EXERCISE BRIEF:
In the entries below, which lines run from the one containing "na rozvrh hodin." to the one containing "Generation | NTv3"? Copy exactly those lines, ends included, and no others.

--- DATA FOR THIS EXERCISE ---

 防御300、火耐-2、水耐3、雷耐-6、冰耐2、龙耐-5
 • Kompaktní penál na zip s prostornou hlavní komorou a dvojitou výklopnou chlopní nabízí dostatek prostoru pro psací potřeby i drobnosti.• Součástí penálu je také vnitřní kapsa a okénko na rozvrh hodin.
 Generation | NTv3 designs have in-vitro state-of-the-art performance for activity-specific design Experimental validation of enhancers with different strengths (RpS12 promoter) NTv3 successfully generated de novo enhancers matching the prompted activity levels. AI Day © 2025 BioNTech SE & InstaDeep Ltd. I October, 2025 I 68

---
--- DATA FOR THIS EXERCISE ---

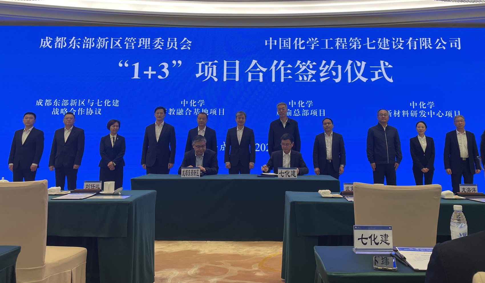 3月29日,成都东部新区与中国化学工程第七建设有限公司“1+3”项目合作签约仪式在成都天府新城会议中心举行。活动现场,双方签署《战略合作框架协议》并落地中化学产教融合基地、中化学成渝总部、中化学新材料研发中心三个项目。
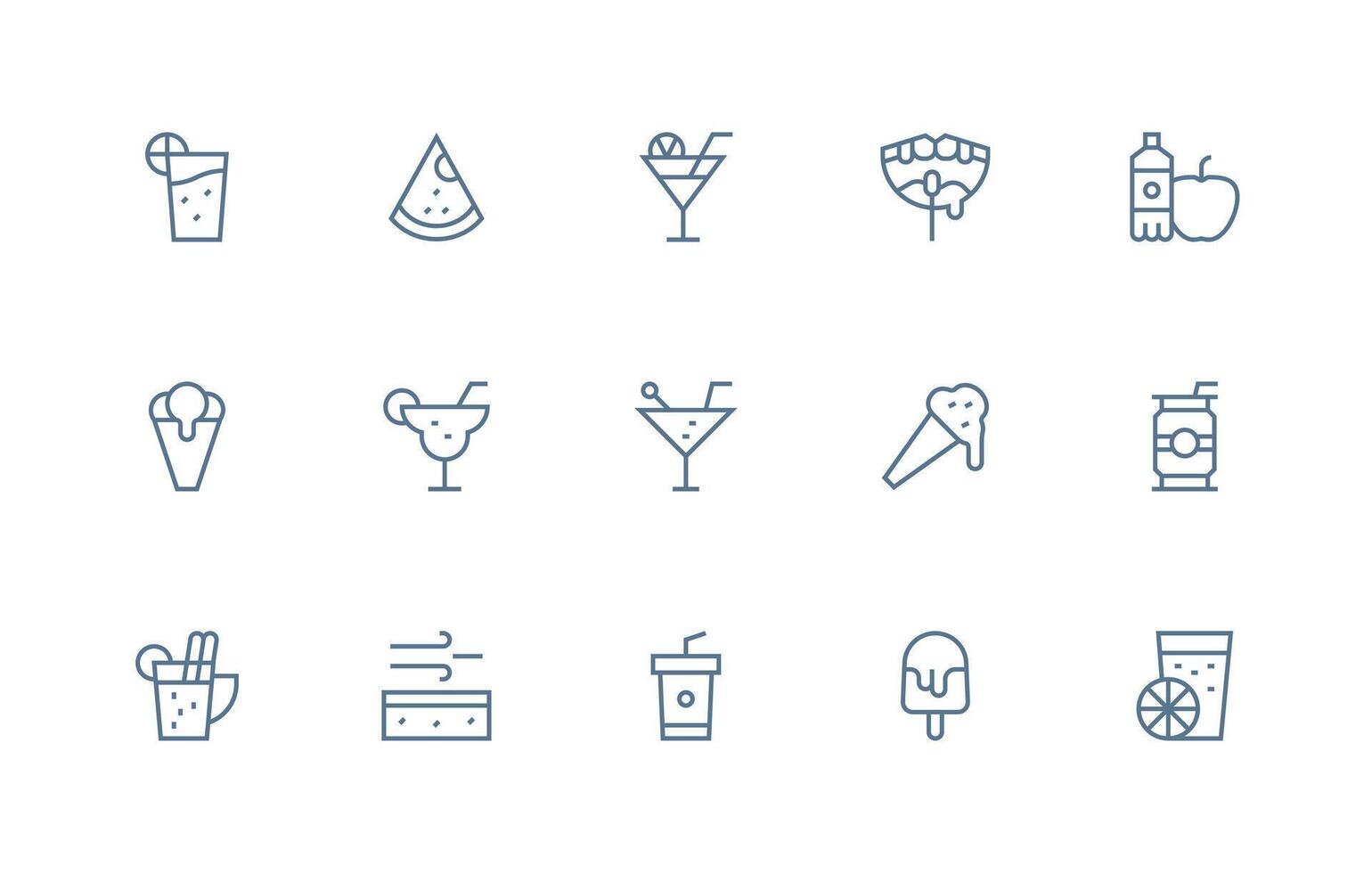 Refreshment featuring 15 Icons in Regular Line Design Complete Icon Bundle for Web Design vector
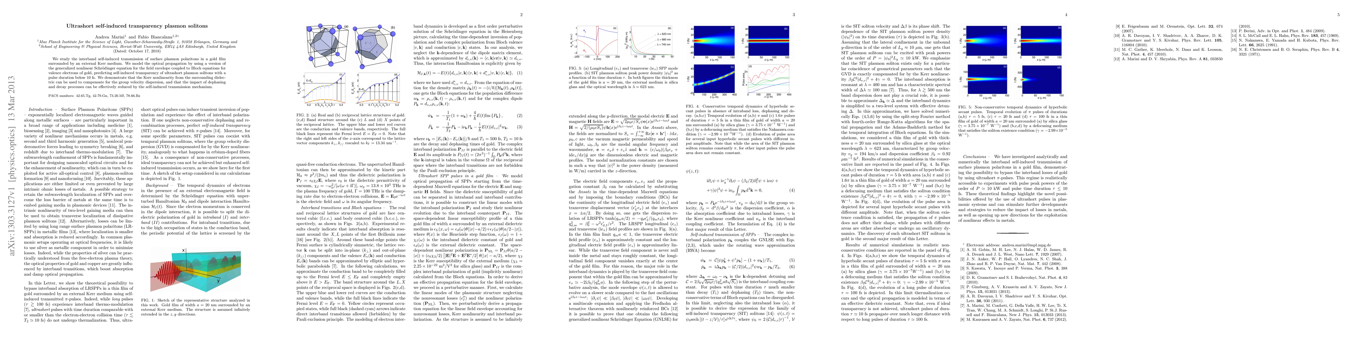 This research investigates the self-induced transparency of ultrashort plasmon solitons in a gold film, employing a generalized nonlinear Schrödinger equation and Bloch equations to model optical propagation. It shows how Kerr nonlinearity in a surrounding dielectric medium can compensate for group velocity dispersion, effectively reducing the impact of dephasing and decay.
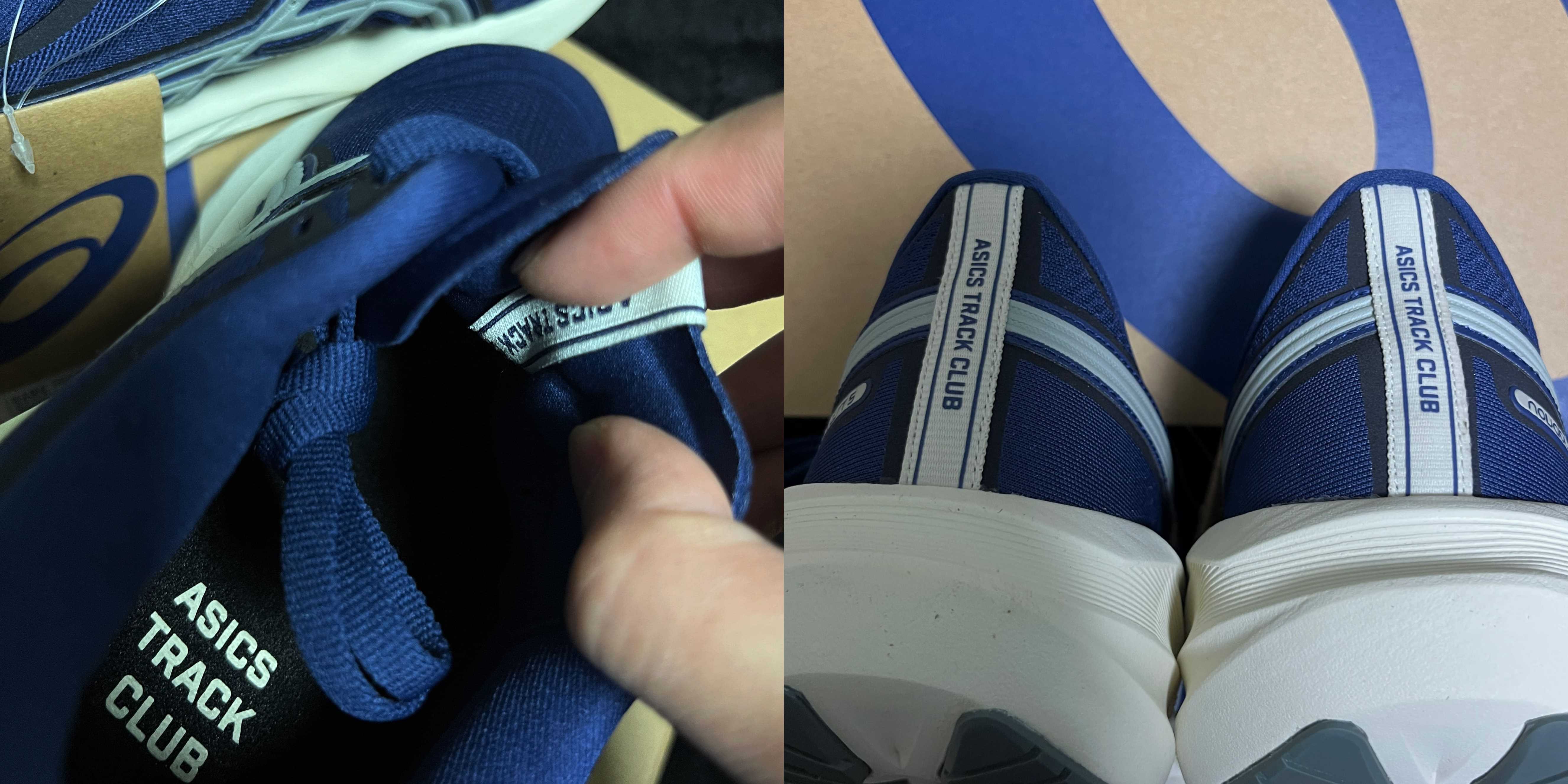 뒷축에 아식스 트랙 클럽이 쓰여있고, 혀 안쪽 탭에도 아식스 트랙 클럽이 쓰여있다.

---

OUTPUT BELOW:
 • Kompaktní penál na zip s prostornou hlavní komorou a dvojitou výklopnou chlopní nabízí dostatek prostoru pro psací potřeby i drobnosti.• Součástí penálu je také vnitřní kapsa a okénko na rozvrh hodin.
 Generation | NTv3 designs have in-vitro state-of-the-art performance for activity-specific design Experimental validation of enhancers with different strengths (RpS12 promoter) NTv3 successfully generated de novo enhancers matching the prompted activity levels. AI Day © 2025 BioNTech SE & InstaDeep Ltd. I October, 2025 I 68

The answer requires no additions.